Meta's 'Squid Game' Culture: Laid-Off Employee Sounds Alarm on Stack-Ranking Practices

A former Meta employee, laid off in recent workforce reductions at the social media giant, has described the company's internal competitive culture in stark terms: workers pitted against each other in what the ex-employee called a "Squid Game" environment. The comparison to the South Korean series—which depicts desperate participants eliminated one by one in deadly contests—surfaced on 22 May 2026 via a post on the prediction market Polymarket, drawing renewed attention to allegations of toxic stack-ranking practices within major technology companies.
The accusation arrives as Meta, like many of its Silicon Valley peers, has spent the past several years navigating the reputational and legal fallout from aggressive performance management systems.
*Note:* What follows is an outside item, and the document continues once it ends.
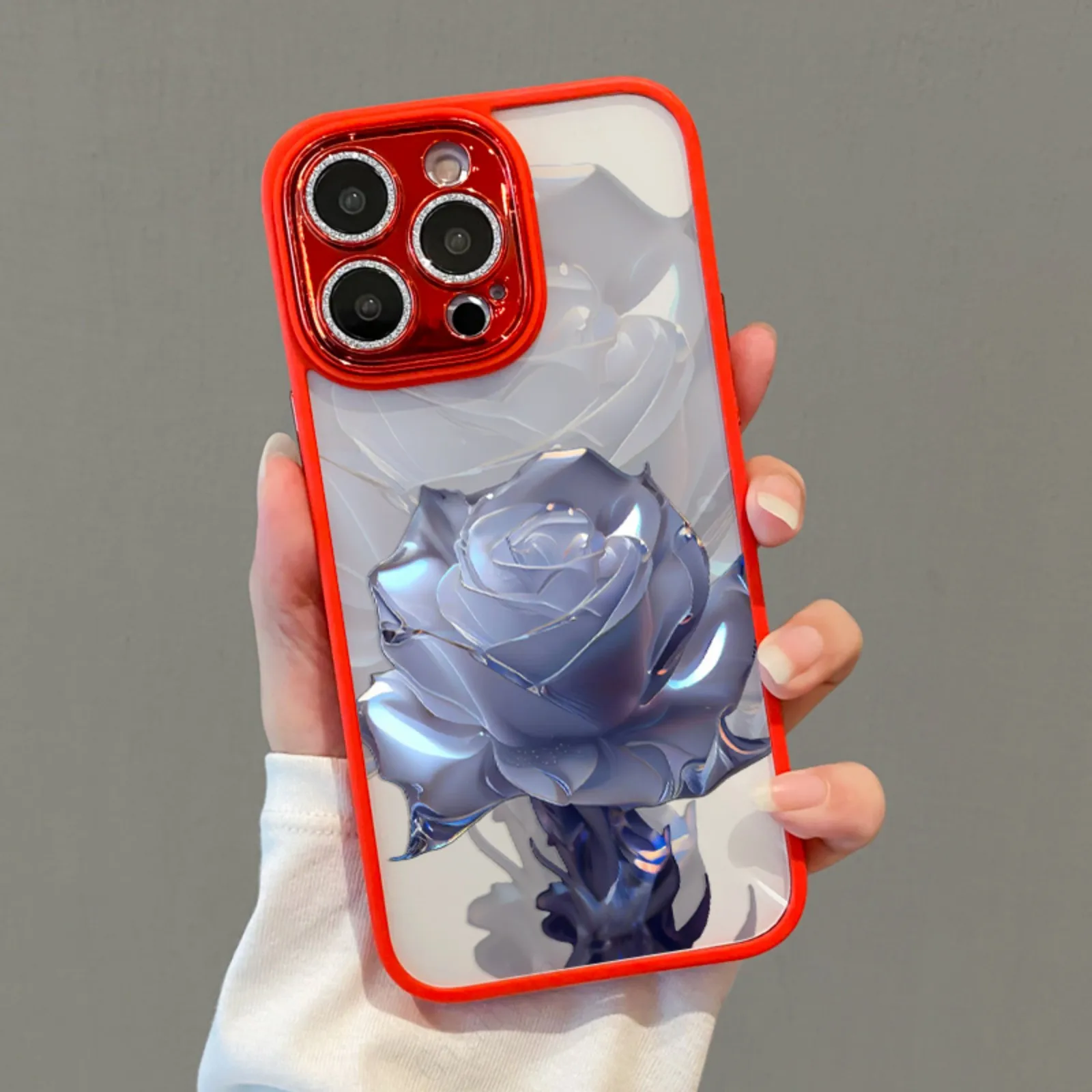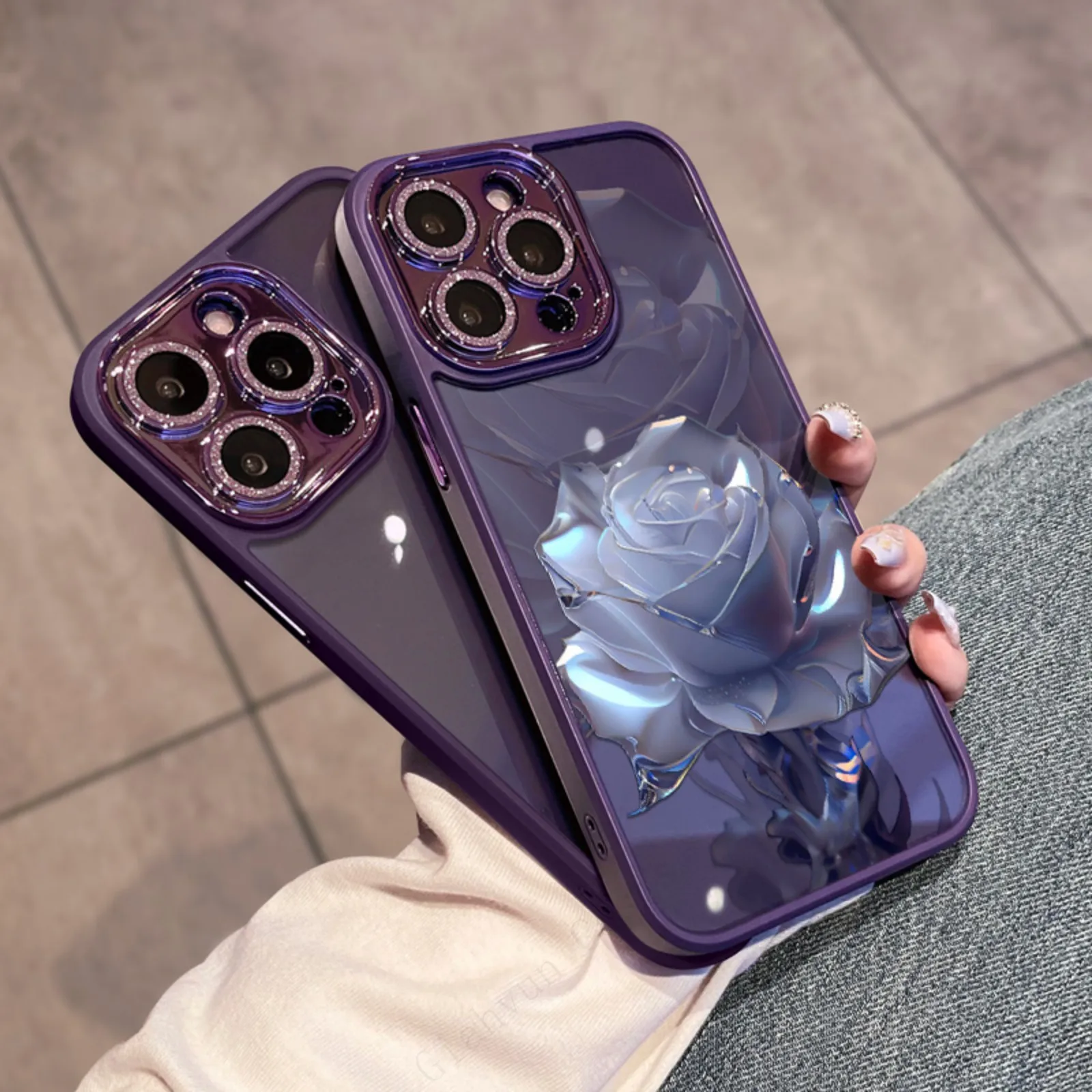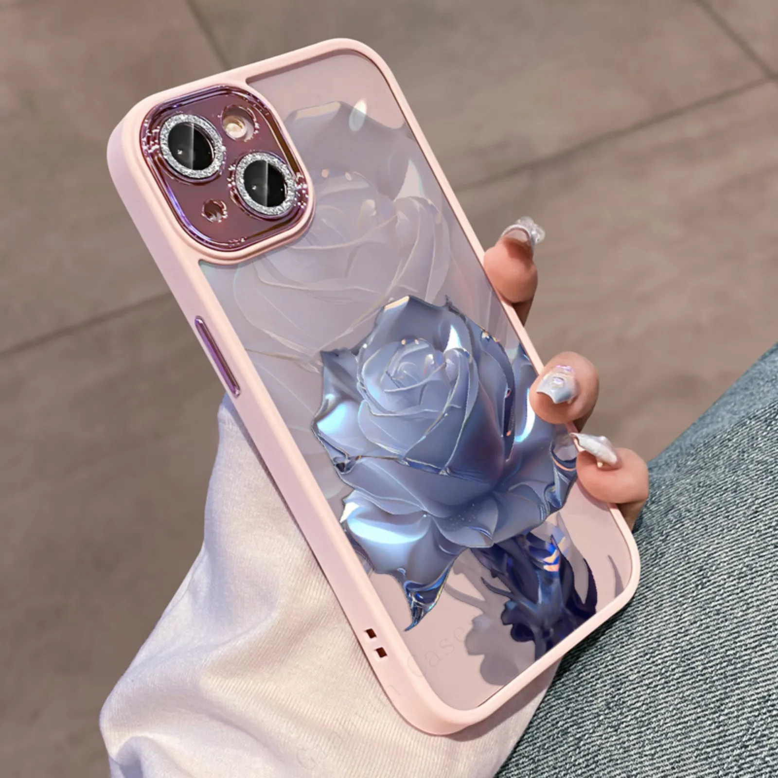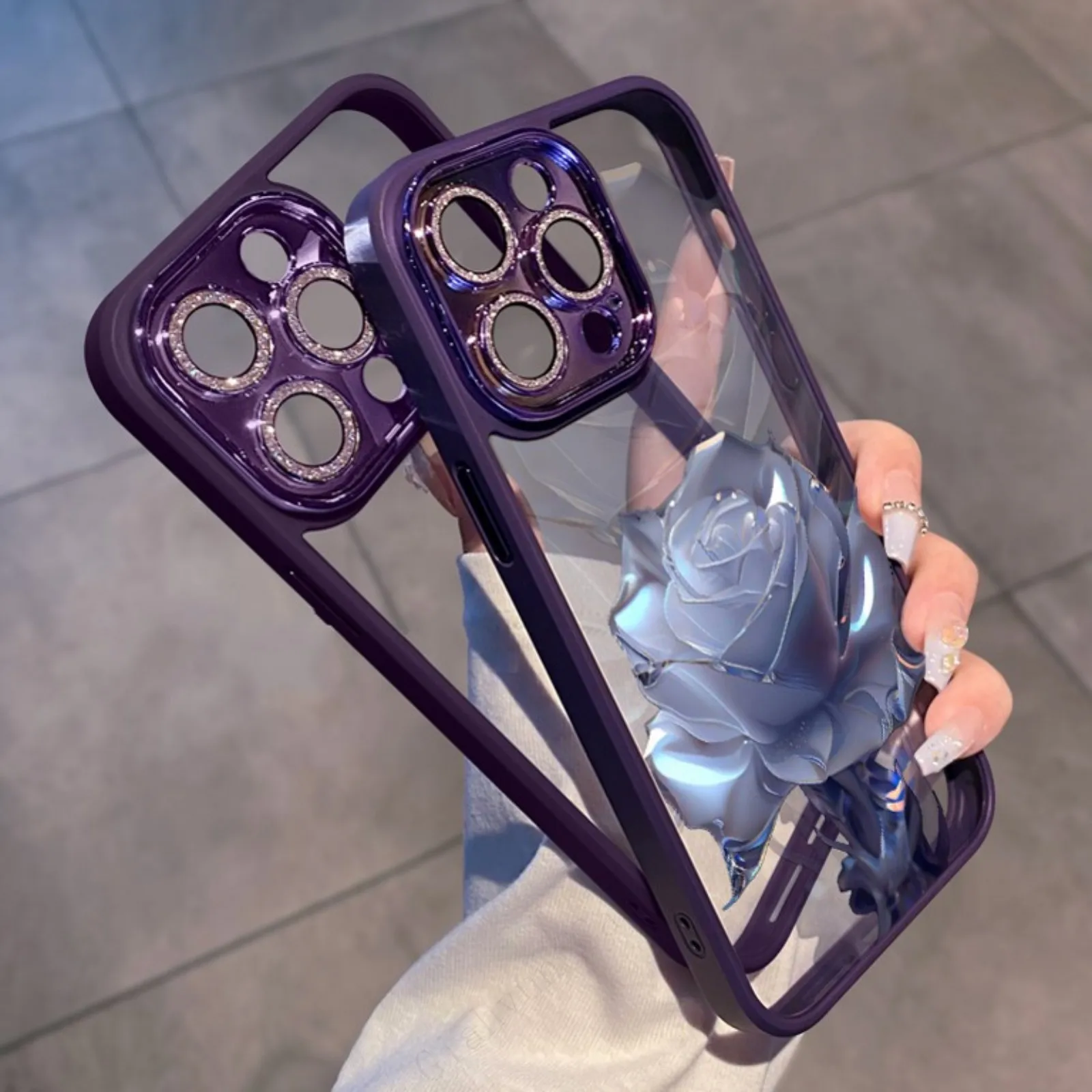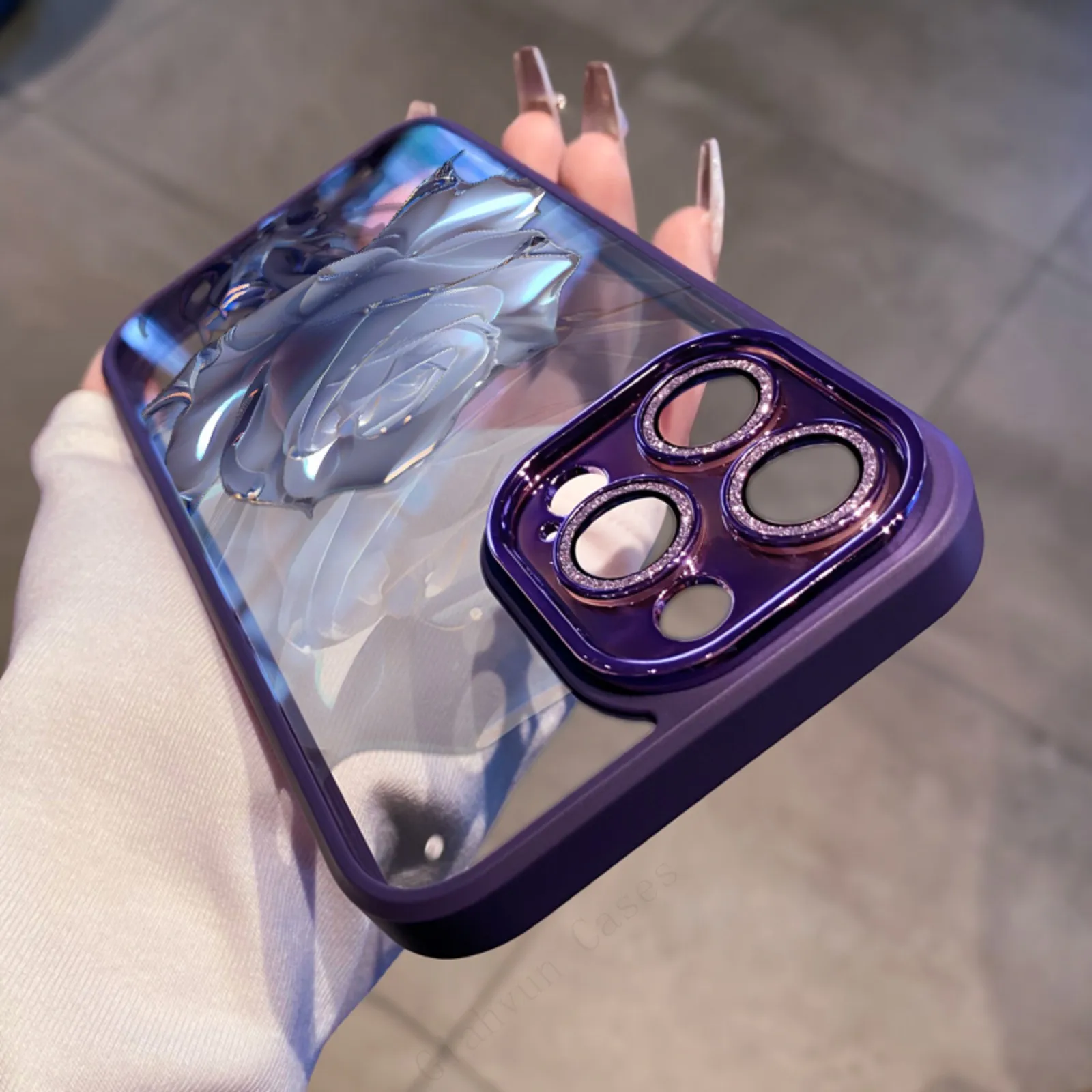 No Yellowing Crystal Rose Diamond Lens Protection Case For iPhone 14 13 12 series

Stack-ranking, a practice in which managers are required to distribute workers along forced performance bell curves with a fixed percentage rated as underperforming, has been linked to psychological harm, unfair terminations, and what critics describe as a dehumanising approach to human capital.
What the former Meta worker's account adds to a well-documented pattern is a direct, insider framing of that system as psychologically coercive. The "Squid Game" metaphor is not merely rhetorical—it implies a structure in which survival depends on outperforming colleagues, not merely meeting a standard. That framing aligns with what workplace researchers have long documented about forced ranking: employees facing elimination are incentivised to undermine peers, not collaborate with them.
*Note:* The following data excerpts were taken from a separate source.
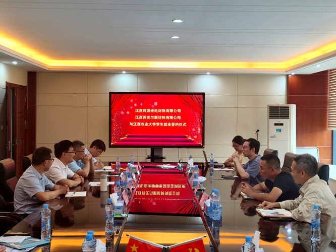 为进一步深化校企合作,为毕业生挖掘更多岗位资源,助力2025届毕业生高质量就业,6月11日下午,副校长张高亮带领化学与材料学院求职毕业生前往江西佳因光电材料有限公司及江西苏克尔新材料有限公司开展“带生访企促就业”行动,招生就业处与化学与材料学院有关负责同志一同参加访企。
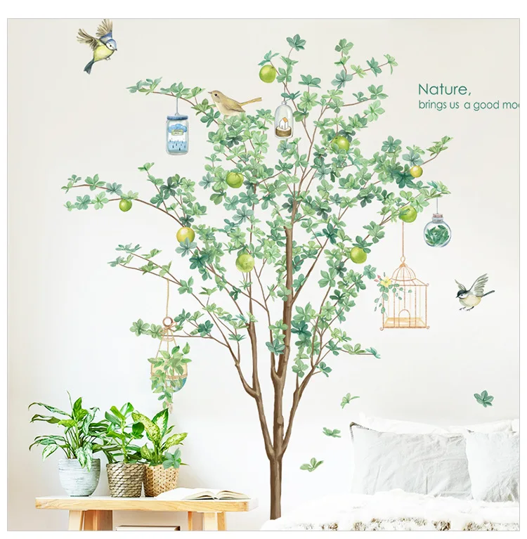 Наклейка на стену в скандинавском стиле с изображением лимона дерева для гостиной, спальни, дивана, телевизора, декор в виде птичьей клетки, Наклейки на стены из ПВХ для домашнего декора, наклейка
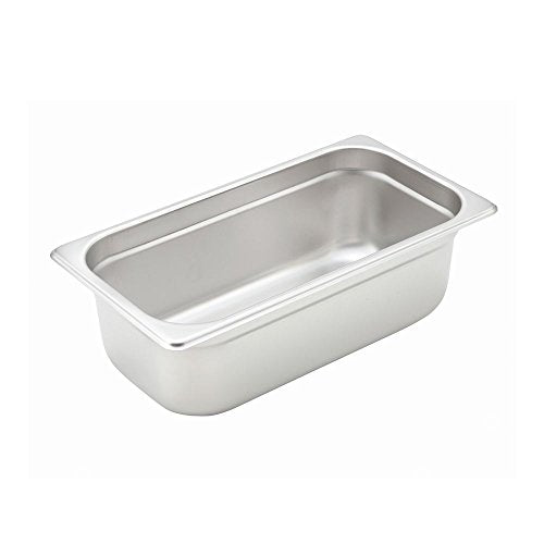 This Winco Pan is a 1/3-size and has an anti-jam design, ideal for steam tables or food prep areas. Constructed of standard weight stainless steel this steam table pan is simple to clean and resists corrosion, dents, scratches and stains. Designed with anti-jamming construction. The 4" depth will accommodate a variety of food sizes. 1/3-size Anti-jam design NSF Listed Dimensions: 12-5/8" L x 6-7/8" W x 4" H Model #: SPJH-304 6001983
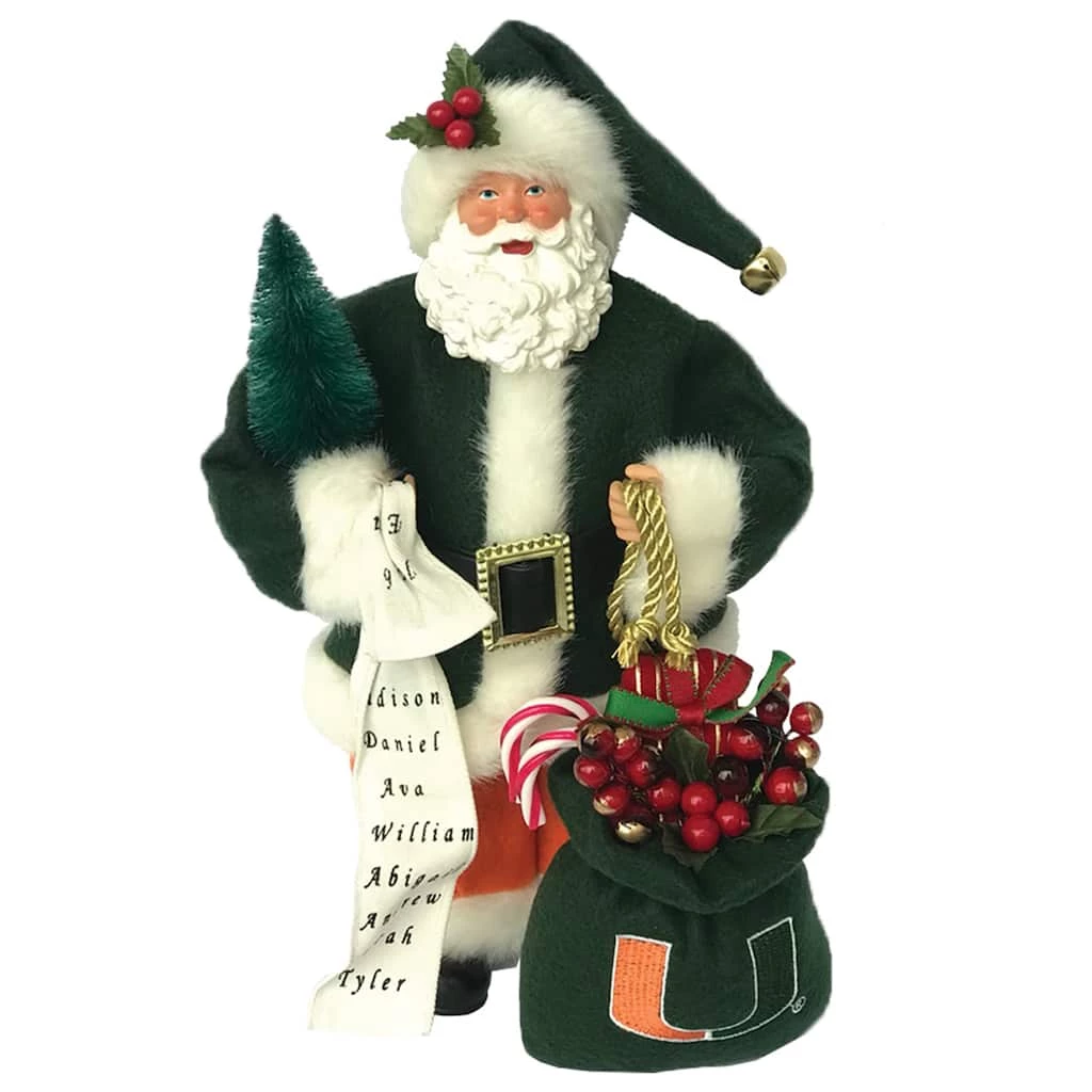 Has your team been good this year? Really good? Well, even if your favorite team didn’t take the championship, Santa Claus will make sure you have a winning season! Toting his Christmas list and a big sack of goodies proudly emblazoned with his favorite college logo, Santa is ready to round up his reindeer and head to your town. Make your holiday season one to remember with this wonderfully handcrafted and hand painted 12″ College Santa.

Meta did not respond to a request for comment on the specific allegation. The company has previously maintained that its performance review processes are designed to identify top talent and support development, not to manufacture dismissals. A spokesperson noted in prior public communications that the firm has revised certain HR practices following scrutiny in the early 2020s.
The broader context matters. Meta has conducted significant layoffs in recent years, reducing its workforce by thousands as part of a broader post-pandemic contraction across the technology sector. In such environments, stack-ranking systems take on added weight: a forced distribution curve in a shrinking organisation becomes a mechanism for determining who stays and who goes, with life-altering consequences for those placed at the bottom. Employees and labour advocates have argued that these systems often disproportionately affect certain demographics and are applied inconsistently across teams, making them legally vulnerable as well as ethically questionable.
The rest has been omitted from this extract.